Okay thanks, I'm planning on leaving the lid open I think anyway. looks better that way I think


----------



## hoppes-no9 (Jun 13, 2010)

John MS said:


> as they will outgas for quite a while.


My wife and kids tell me I have this problem too.


----------



## Tclef (Feb 18, 2014)

That is a good idea. I have some sunglasses in a really nice "Acid" cigar box. Some party shops will give these boxes away for free if you ask. They usually only want the box for the display. When it's empty, they don't usually have much use for it. 

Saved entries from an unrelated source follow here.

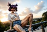 1girl, solo, <lora:drakopalustra:0.8> drakopa, furry female, purple eyes, <lora:Hoseki_ZenlessZoneZero_Vivian_IllustriousXL_v1:0.8> v1v1an, pointy ears, mole under eye, multicolored hair, purple hair, white hair, streaked hair, ahoge, swept bangs, drill hair, drill sidelocks, long hair || two-tone hairband, black hairband, purple hairband, purple hair bow, Sports shorts, short shirt, 2 strips on clothes, navel, Adidas clothes , high angle, perspective, V, car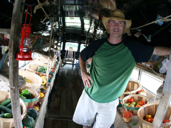 Military veteran Mark Lilly turned this 1987 school bus into a farmers market on wheels. His Farm to Family operation distributes locally grown food to families in urban areas and educates people about food security.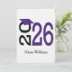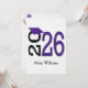 Ano de graduação de 2025 em texto roxo e preto sobre fundo branco. O nome e as informações da parte traseira são editáveis.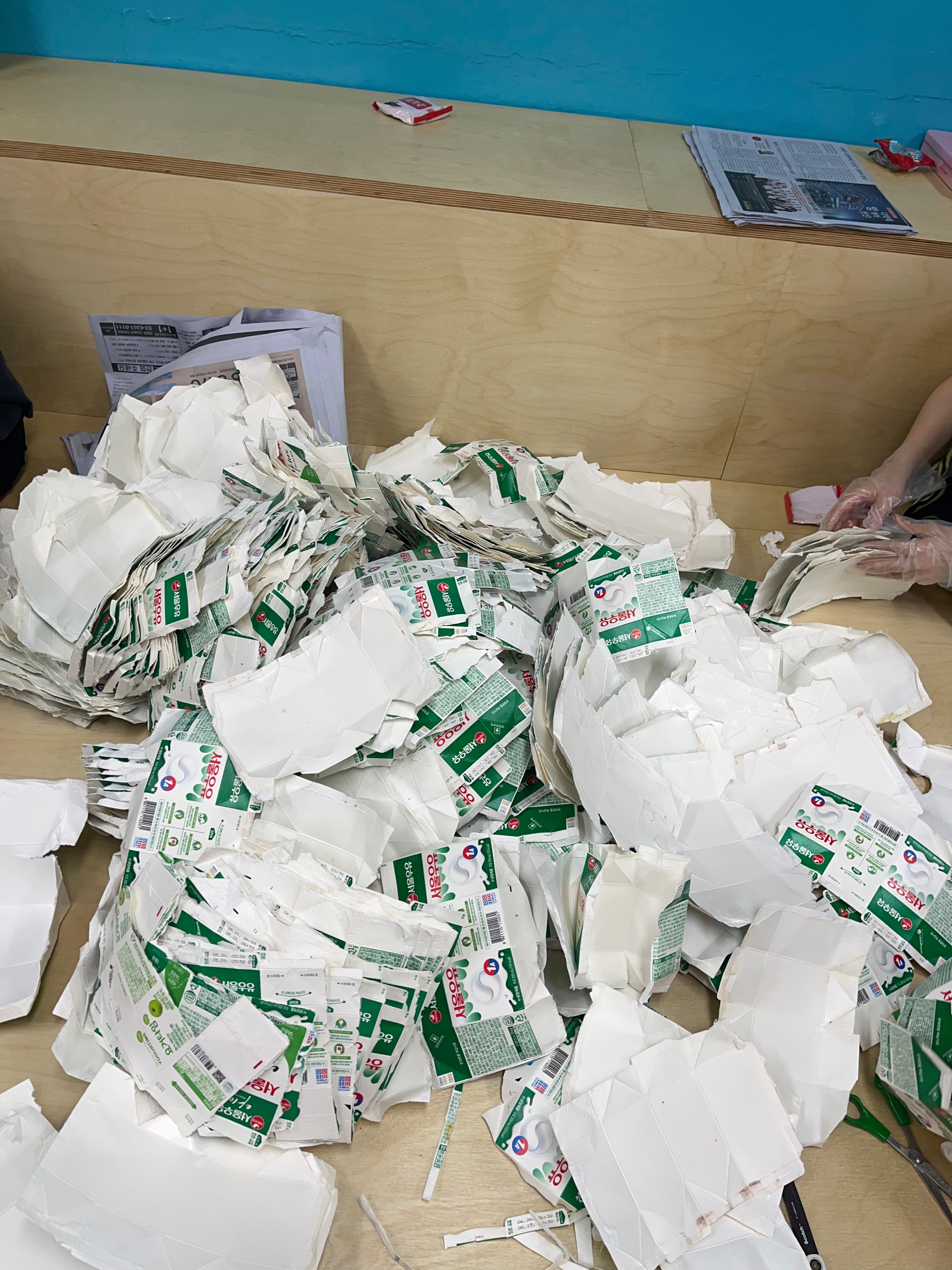 4. 우유팩 수거함에 차곡차곡 모읍니다. 각 반의 담당 학생이 위의 절차에 따라 행한 후 가져다 놓습니다.

Sent from my iPhone using Tapatalk


----------



## jameshill247 (Jan 12, 2014)

Tclef said:


> That is a good idea. I have some sunglasses in a really nice "Acid" cigar box. Some party shops will give these boxes away for free if you ask. They usually only want the box for the display. When it's empty, they don't usually have much use for it.
> 
> Sent from my iPhone using Tapatalk


I will have to look of for those boxes, haven't seen them before.

Yeah I have an old tobacconist near me I could see if he has any boxes he
Doesn't need

Seems to be a lot of interest for them
On the bay they were going fast at auction


----------



## Hayseed Brown (Mar 2, 2013)

The Fuente Fuente OpusX is a fantastic cigar, by the way. As are Acids, in a non-traditionalist sort of way.

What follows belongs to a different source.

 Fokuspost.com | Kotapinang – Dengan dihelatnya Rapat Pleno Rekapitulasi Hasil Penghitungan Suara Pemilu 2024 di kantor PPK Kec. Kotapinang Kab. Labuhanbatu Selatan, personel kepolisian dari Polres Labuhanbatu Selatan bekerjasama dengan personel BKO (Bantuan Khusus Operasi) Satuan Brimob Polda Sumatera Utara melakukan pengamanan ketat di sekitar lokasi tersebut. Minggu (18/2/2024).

Cool idea for a watch box.


----------



## s.erickson87 (Aug 4, 2012)

That's awesome. I think it's a great idea. I even like cigars.

You have armed me with an excuse for the wife...off to purchase a box of cigars...


----------



## baronrojo (Jul 14, 2010)

This looks really nice. A good idea for vintage pieces (and some b&w pictures).


----------



## cabfrank (Nov 20, 2010)

Fine idea, it looks really good.


----------



## estrickland (Dec 31, 2012)

I have a lot more watches than cigars, so I roll the other way:


----------



## Domo (Sep 20, 2013)

estrickland said:


> I have a lot more watches than cigars, so I roll the other way:
> View attachment 1440693


Where did you get that box??


----------



## estrickland (Dec 31, 2012)

Domo said:


> Where did you get that box??


Yahoo Japan. Random stuff like this pops up all the time.


----------



## Strange (Feb 26, 2014)

estrickland those Padrón Anniversarios are nummers! Back in the mid nineties when they first came out I bought a few boxes, then left them in the humidor for 10yrs. Holy f**stick Batman, after the aging they were ambrosial! b-) Wish I still had some left.

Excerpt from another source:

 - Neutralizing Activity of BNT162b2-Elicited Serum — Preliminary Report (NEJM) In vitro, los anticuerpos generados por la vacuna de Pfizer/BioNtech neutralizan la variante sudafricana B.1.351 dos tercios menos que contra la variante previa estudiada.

Word to the wise -- if you store your watches in cigar boxes make sure you don't accidentally try to smoke one...


----------



## jameshill247 (Jan 12, 2014)

Not a smoker myself! But can quite easily see I'm going to end up with lots of boxes on desks and shelves..

Just need to look at making some pillows now. 

Should I stick to the cream coloured ones in there? eBay has them cheap enough. Or should I make some using the brown felt that lines the bottom of the box?


----------



## Strange (Feb 26, 2014)

Given the cost of store bought watch pillows rolling your own seems a bit impractical. Unless of course you enjoy such handicrafts. However you choose to acquire them make absolutely certain you keep them well out of reach of any cats in the vicinity or you will be replacing them in short order.


----------



## ttparrot (Feb 24, 2014)

Love that cigar box, definitely stain the wood inserts, but I would line the sides as well as the bottom of the compartments and just leave the wood visible on top.
It looks great, I'm going to have a go at something similar. I have made my own cushions/pillows and need a box to fit them into. I haven't decided on a final colour for the cushions yet so I made some different colours. I have also made grey, burgundy, black and cream. Maybe I have given myself too much choice.
Any comments would be appreciated as to colour preference. I think the white looks nice, but it's a little boring.


----------



## jameshill247 (Jan 12, 2014)

ttparrot said:


> Love that cigar box, definitely stain the wood inserts, but I would line the sides as well as the bottom of the compartments and just leave the wood visible on top.
> It looks great, I'm going to have a go at something similar. I have made my own cushions/pillows and need a box to fit them into. I haven't decided on a final colour for the cushions yet so I made some different colours. I have also made grey, burgundy, black and cream. Maybe I have given myself too much choice.
> Any comments would be appreciated as to colour preference. I think the white looks nice, but it's a little boring.
> View attachment 1442286
> ...


Thanks, yeah I think I maybe should line the sides too

Those pillows look really good how did you make them?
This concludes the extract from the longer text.